Parlamento e banca centrale al lavoro insomma, e ognuno per quanto di propria competenza saranno capaci di variare i sentimenti della popolazione, degli elettori, rispetto a una percezione reale delle condizioni dell’economia, della società, del futuro, il cui impatto sul voto è certamente fuori discussione.

Personalizzazione della campagna elettorale, dicevamo, indubbiamente parte della strategia elettorale, non certo da oggi, comporta vantaggi e rischi, si catalizza, si polarizza il dibattito pubblico e, in qualche modo, si semplifica anche il messaggio.

In un momento storico in cui si cerca costantemente di aumentare il consenso su base personale, la strategia del partito laburista gioca molto la carta del dipingere Dutton come leader “freddo”, stimolando una certa percezione negativa rispetto al leader della Coalizione. Tuttavia, e la recente campagna elettorale che ha visto trionfare Donald Trump forse ne è la dimostrazione più lampante e più vicina nel tempo, questa strategia comporta un rischio intrinseco. Più si attacca, a livello personale, un avversario politico, più gli si attribuisce legittimità e, soprattutto, gli si garantisce visibilità e ‘pubblicità’ gratuita.

Infatti Dutton, soprattutto in queste prime settimane, si sta invece rappresentando proprio come leader forte e determinato, giocando anch’egli la carta dell’attacco personale parlando del primo ministro in carica, come di un politico debole alla guida di un governo inefficiente.
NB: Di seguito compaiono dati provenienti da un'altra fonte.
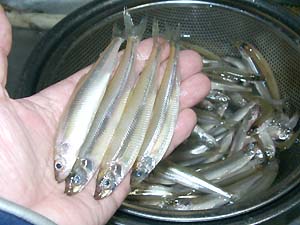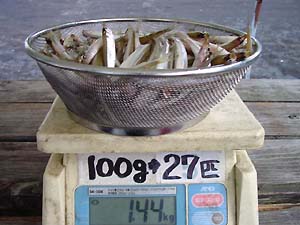 【時間】7時半〜16時【天気】曇りまじりの晴。ワカサギ釣りには暖かすぎる。 【エサ】現地購入の紅さし(1パック150円を2個) 【釣果】私333匹(1.18g) カメさん オクさん、クラさん 【記事】 まだ夏っぽい陽気だけど、行ってきました山中湖。しかし、ボート屋の前はまったく釣れず、 相変わらず動き回る。11時に平野に移動するまで、小女子サイズ2匹と最悪。平野に行ってからは何度かの移動でボチボチ当たり、午後12時半までで260匹。でも、今日はどうもボートが妙な動きをして、2本竿の手前祭り4回で、単純に仕掛けを8組浪費(実際は+α)。なんかうんざり、飽きちゃってと見ていると、クラさんのリールもグシャグシャだし、仕掛けも切れたってので、みさきキャンプ場へボートを寄せる。仕掛けを探してもらいトイレも済ませ、紅富士の湯の前売り券も600円で5枚買ってしばし休憩して再挑戦。なんかね、クラさんは、ボートから落ちてビショビショ。私もなんとなくやる気がそげて、忍耐力がなくなり、相変わらず動き回る。が、カメ&オクさんコンビはじっと同じ場所で耐えてやる気マンマン。(まだ辞めないかね)(あああ、また釣っているよ、まだ続けるね)こっちはエサもなくてもう無駄話ばかりしながら、ちびっとづつ増やす。キリよく300匹。まだ辞めないのかぁ、、ミイラ化した紅サシを拾い集め、針につけて、333匹でキリ良くこんどこそ終わりたい。。終了!終了!終了!とオク&カメコンビに念を送る。 今日はねぇ、なんか、不完全燃焼でした。ワカサギは大きいのもあるが、小女子サイズも多数。釣上げたワカサギも生暖かいし。やはりワカサギは寒い時だな。で、ボートの帰りは遠くて辛かった(よくよく考えれば、他の3人が携帯電話を持っていたのだから呼べばよかったのよね:持ってない自分はそういう選択肢がないの。ごめんね)。漕ぎながら船酔し、ずっと具合が悪く息切れがしてきた。船着き場についてロープを結ぼうして思いっきり吐く。何度も吐く。昼に食べたおにぎりは全て出た。(-_-;) 自分で漕いでいても酔うとは、なんと情けない。 クラさんから貰った缶コーヒーが効いたな。私に飲み物系をくれるときは、スッパイ系を。あと、 ダイエットもできれば20kg位よろしく。って、減量が必要なのは、私も必要か。。(^^;) (写真左は静山荘より拝借、右は小女子サイズ。もっと小さいのもあった。小さいのはチヂミ風にジャガイモと焼いて食べるとグー) |
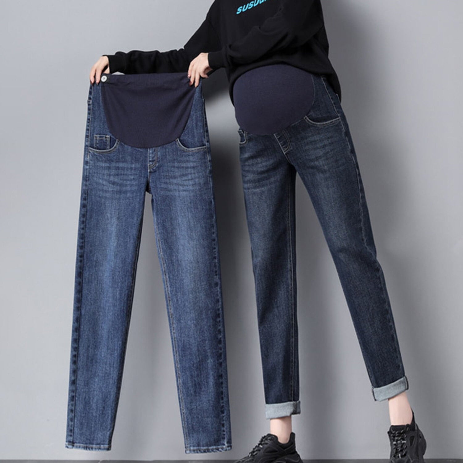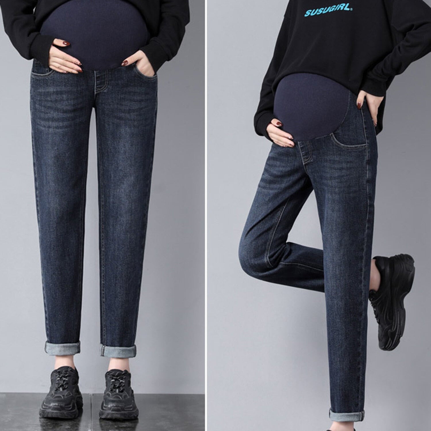 - Fashionable Style: This is ankle length jeans for women,suitable for pregnant women of different body types. Looking thin and tall, loose and comfortable, Perfectly Showing your figure, Can be freely matched with T-shirts, shirts, camisoles, sweaters, jackets, as well as sports shoes, boots, flat shoes, etc.
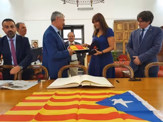 También ha firmado el libro de honor del consistorio y ha agradecido la visita obsequiando una réplica hecha a mano de la bandera del Parlament de Cataluña.
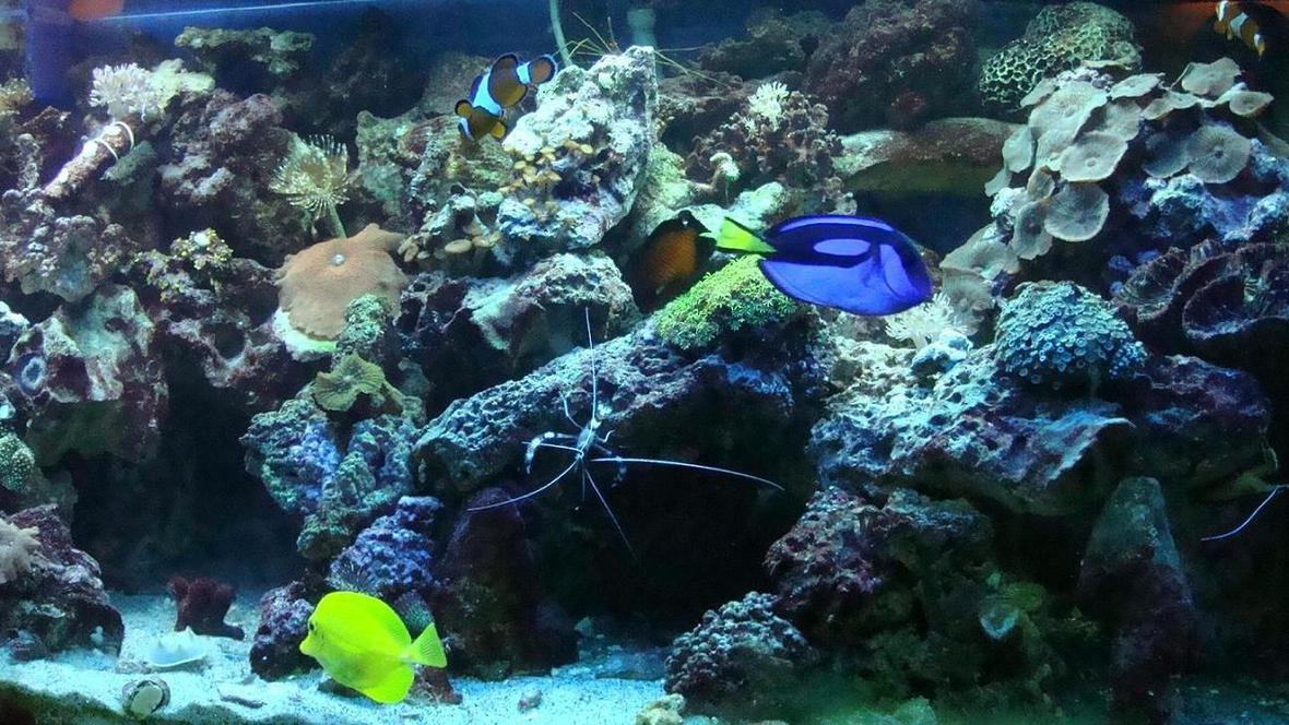 Tangs clowns damsels wrasse cat shark, coral beauty , Cleaner shrimp, coralbanded shrimp, horseshoe crab, strawberry crab, arrow crab, Black nudibranches blue and red hermits, sand sifting star, feather dusters, plus Mexican and norman turbo snails in the reef plus a fish and liverock tank with Royal Gramma, Clown Trigger ,Tomato Clown Snowflake Eel, Fuzzy Dwarf Lion and one very brave blue devil damsel
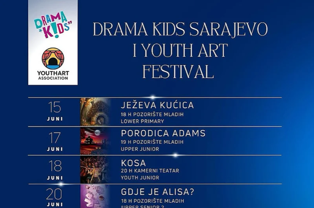 Prvo izdanje Drama Kids Festivala bit će održano od 15. do 29. juna u Pozorište mladih Sarajevo i Kamerni teatar 55 u Sarajevo, gdje organizatori najavljuju bogat i raznovrstan program. Festival predstavlja značajan kulturni događaj koji okuplja djecu, mlade i odrasle s ciljem promocije umjetnosti, kreativnog izražavanja i ličnog razvoja kroz pozorište.
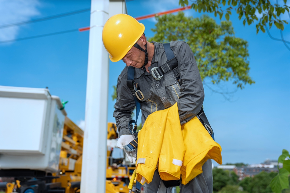 7月9日下午15:46,長沙帶電作業配網不停電作業二班配網不停電作業人員從線路上下來渾身已濕透。巫宇龍 攝

Insomma, quasi sfidando Albanese in una metaforica competizione di arti marziali giapponesi, Dutton, prova a trasformare la forza d’attacco dell’avversario in un vantaggio. Sta provando a trasformare le critiche sul suo passato in punti di forza, sottolineando la sua esperienza, resilienza e capacità decisionale. A garantirgli adeguato slancio propulsivo, in questa prima tornata di quasi-campagna elettorale, anche un neanche troppo celato malcontento popolare verso il governo, in particolar modo sulla gestione dell’economia, con una ormai chiara fatica da parte di Albanese e Chalmers di risolvere i problemi quotidiani degli australiani con un’agenda concreta e ambiziosa.

Questa contro-narrazione messa in atto da Dutton e dagli strateghi della Coalizione dimostra il potenziale della personalizzazione quando la si utilizzi in maniera positiva. Nel momento in cui un leader riesce a definire se stesso prima che gli avversari lo facciano, può costruire un’immagine capace di attrarre consensi, specialmente in un periodo di incertezza globale.

Come già detto, però, la personalizzazione può distogliere l’attenzione dai temi politici centrali, trasformando le elezioni in uno spettacolo mediatico piuttosto che in un confronto sulle soluzioni ai problemi del Paese. In un clima di difficoltà economiche, gli elettori potrebbero interpretare gli attacchi personali come un segno di debolezza politica piuttosto che come una strategia efficace.

Il risultato finale dipenderà quindi molto dalla capacità degli elettori di guardare oltre le singole personalità e valutare quale visione di futuro risponda meglio alle loro esigenze e offra soluzioni reali.